TASK DATA.
++++++++++++++++++++

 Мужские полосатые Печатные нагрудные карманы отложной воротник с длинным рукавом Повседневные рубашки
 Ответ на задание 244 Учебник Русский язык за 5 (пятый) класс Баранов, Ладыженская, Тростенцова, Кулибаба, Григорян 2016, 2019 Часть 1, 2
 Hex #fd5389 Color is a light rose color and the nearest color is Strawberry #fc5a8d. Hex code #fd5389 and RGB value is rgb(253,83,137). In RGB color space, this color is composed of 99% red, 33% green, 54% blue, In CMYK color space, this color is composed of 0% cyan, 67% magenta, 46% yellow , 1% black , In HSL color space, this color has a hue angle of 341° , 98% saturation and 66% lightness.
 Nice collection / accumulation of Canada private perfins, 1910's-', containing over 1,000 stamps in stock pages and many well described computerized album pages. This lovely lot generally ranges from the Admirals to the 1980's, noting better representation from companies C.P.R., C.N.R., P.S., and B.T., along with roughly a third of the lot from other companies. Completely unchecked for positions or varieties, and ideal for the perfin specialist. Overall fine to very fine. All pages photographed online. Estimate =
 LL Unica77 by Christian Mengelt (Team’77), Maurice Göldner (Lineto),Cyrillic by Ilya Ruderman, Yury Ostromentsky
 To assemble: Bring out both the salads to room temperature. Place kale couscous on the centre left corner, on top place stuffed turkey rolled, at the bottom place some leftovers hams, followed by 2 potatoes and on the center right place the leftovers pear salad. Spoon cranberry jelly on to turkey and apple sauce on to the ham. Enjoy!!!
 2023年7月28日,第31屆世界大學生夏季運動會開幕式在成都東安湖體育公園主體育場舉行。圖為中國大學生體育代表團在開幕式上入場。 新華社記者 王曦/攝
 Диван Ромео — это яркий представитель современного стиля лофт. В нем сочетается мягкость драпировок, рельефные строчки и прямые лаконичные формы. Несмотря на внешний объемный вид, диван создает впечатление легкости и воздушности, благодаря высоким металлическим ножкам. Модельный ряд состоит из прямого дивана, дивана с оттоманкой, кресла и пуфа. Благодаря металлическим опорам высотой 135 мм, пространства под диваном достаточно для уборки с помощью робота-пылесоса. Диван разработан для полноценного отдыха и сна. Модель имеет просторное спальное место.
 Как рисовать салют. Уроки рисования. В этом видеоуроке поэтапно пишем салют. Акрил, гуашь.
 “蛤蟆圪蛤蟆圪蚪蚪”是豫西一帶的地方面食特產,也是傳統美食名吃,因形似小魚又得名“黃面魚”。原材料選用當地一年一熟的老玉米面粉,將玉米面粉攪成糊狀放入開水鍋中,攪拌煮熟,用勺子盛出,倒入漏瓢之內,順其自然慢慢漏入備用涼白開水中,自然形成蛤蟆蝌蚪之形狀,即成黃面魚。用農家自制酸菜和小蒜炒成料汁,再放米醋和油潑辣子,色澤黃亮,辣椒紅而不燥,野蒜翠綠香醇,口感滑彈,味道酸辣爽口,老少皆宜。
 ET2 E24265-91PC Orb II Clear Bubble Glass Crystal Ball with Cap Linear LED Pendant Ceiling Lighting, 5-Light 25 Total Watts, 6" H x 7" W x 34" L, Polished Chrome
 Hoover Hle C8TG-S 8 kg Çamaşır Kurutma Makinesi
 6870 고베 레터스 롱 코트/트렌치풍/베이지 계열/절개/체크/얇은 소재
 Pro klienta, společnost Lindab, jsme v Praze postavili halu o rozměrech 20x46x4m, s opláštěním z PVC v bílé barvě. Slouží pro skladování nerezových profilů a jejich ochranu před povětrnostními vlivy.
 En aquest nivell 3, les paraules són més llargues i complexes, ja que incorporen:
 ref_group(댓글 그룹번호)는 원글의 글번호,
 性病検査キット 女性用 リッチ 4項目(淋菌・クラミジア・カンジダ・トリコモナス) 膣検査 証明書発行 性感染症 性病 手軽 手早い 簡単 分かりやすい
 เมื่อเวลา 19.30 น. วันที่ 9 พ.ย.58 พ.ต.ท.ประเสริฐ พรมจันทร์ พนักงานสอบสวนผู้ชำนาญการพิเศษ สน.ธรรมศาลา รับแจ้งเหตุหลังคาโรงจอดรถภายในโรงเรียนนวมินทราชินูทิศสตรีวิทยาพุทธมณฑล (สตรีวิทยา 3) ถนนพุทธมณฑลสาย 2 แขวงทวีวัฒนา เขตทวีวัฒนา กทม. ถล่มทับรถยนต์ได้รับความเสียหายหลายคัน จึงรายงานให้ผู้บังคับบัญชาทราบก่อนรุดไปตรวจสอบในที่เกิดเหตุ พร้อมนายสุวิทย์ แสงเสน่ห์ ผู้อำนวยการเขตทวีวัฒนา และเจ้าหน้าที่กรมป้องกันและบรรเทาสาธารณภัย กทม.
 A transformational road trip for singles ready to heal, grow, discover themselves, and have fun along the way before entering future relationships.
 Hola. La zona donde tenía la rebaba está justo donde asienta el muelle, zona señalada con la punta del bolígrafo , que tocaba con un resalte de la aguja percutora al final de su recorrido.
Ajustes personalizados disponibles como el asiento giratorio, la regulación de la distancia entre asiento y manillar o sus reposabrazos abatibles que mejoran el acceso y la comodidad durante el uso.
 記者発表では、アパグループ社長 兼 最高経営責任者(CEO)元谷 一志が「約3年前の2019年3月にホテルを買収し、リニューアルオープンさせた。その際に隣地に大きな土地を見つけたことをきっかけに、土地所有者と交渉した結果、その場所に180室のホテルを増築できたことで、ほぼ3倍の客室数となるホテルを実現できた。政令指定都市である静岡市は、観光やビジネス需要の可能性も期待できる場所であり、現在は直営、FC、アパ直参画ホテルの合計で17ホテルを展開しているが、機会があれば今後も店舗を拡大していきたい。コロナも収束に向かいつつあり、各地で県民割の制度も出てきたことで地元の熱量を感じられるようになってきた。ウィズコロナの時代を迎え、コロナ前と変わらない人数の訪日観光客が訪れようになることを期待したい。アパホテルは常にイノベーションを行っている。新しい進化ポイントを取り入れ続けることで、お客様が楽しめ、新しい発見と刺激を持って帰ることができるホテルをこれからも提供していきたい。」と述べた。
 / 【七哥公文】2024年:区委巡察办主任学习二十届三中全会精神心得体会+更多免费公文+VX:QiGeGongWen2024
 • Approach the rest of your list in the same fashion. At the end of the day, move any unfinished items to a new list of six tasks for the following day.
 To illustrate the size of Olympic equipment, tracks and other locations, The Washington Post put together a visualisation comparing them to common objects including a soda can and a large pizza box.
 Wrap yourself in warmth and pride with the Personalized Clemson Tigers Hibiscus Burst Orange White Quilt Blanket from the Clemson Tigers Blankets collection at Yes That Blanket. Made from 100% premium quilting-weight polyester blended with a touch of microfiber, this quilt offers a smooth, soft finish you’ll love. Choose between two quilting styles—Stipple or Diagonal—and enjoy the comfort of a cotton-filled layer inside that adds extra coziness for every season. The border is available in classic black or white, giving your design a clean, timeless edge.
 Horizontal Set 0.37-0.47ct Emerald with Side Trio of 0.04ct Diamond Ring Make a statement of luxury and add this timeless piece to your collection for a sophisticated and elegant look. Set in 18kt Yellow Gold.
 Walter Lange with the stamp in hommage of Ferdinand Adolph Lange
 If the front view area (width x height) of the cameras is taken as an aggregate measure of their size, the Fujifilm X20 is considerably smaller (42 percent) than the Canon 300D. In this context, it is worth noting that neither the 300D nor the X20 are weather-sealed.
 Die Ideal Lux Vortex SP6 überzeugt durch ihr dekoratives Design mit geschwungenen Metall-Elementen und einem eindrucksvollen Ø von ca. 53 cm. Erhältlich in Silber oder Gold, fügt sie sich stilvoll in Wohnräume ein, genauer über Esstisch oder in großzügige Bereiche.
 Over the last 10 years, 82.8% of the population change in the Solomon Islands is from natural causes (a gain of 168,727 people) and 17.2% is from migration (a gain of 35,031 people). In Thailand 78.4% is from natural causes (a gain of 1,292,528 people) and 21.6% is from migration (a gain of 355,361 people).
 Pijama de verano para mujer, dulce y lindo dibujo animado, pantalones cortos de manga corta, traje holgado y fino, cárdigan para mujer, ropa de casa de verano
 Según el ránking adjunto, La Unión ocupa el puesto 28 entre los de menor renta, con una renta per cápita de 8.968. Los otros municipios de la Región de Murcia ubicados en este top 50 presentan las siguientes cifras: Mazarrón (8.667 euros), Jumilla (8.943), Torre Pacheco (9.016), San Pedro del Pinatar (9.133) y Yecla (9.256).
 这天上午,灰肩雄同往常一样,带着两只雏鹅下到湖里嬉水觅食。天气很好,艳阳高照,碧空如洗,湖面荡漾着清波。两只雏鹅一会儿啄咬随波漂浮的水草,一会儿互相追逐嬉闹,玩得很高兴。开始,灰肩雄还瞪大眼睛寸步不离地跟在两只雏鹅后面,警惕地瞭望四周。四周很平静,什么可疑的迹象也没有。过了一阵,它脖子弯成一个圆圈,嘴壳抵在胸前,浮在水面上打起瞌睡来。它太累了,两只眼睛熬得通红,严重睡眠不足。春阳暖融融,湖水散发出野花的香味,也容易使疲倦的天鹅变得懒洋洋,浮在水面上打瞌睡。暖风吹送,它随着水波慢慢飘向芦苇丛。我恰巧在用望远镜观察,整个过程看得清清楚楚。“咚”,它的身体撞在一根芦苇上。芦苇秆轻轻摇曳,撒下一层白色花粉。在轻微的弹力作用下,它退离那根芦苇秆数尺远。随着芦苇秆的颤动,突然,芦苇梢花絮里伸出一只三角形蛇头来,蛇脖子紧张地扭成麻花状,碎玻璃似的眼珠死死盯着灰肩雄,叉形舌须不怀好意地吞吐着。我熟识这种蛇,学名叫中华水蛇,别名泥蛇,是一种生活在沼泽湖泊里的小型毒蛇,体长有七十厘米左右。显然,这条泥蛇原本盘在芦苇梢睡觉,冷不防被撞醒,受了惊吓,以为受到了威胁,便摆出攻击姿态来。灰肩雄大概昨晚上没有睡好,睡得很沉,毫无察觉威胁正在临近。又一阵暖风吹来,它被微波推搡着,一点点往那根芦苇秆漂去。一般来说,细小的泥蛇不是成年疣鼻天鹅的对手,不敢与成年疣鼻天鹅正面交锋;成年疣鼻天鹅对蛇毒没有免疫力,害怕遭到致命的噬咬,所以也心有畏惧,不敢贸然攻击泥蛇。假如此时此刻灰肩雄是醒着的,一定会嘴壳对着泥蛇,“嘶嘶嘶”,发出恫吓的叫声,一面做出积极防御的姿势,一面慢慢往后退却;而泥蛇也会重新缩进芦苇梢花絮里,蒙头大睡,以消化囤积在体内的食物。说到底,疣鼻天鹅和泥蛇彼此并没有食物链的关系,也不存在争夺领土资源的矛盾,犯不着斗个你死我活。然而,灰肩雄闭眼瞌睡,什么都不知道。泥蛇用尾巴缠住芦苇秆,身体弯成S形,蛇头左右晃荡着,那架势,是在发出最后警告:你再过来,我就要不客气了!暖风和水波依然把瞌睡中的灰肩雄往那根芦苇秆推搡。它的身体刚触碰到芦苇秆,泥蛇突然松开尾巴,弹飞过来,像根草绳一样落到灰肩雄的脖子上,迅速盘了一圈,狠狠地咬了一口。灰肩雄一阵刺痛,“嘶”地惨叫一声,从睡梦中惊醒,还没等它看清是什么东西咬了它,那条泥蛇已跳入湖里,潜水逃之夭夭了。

++++++++++++++++++++

TASK OBJECTIVE.
Lines from the top of the entries through the line with "Hex #fd5389 Color" are to be transcribed exactly, and nothing more.

RESULT OF THIS TASK.
 Мужские полосатые Печатные нагрудные карманы отложной воротник с длинным рукавом Повседневные рубашки
 Ответ на задание 244 Учебник Русский язык за 5 (пятый) класс Баранов, Ладыженская, Тростенцова, Кулибаба, Григорян 2016, 2019 Часть 1, 2
 Hex #fd5389 Color is a light rose color and the nearest color is Strawberry #fc5a8d. Hex code #fd5389 and RGB value is rgb(253,83,137). In RGB color space, this color is composed of 99% red, 33% green, 54% blue, In CMYK color space, this color is composed of 0% cyan, 67% magenta, 46% yellow , 1% black , In HSL color space, this color has a hue angle of 341° , 98% saturation and 66% lightness.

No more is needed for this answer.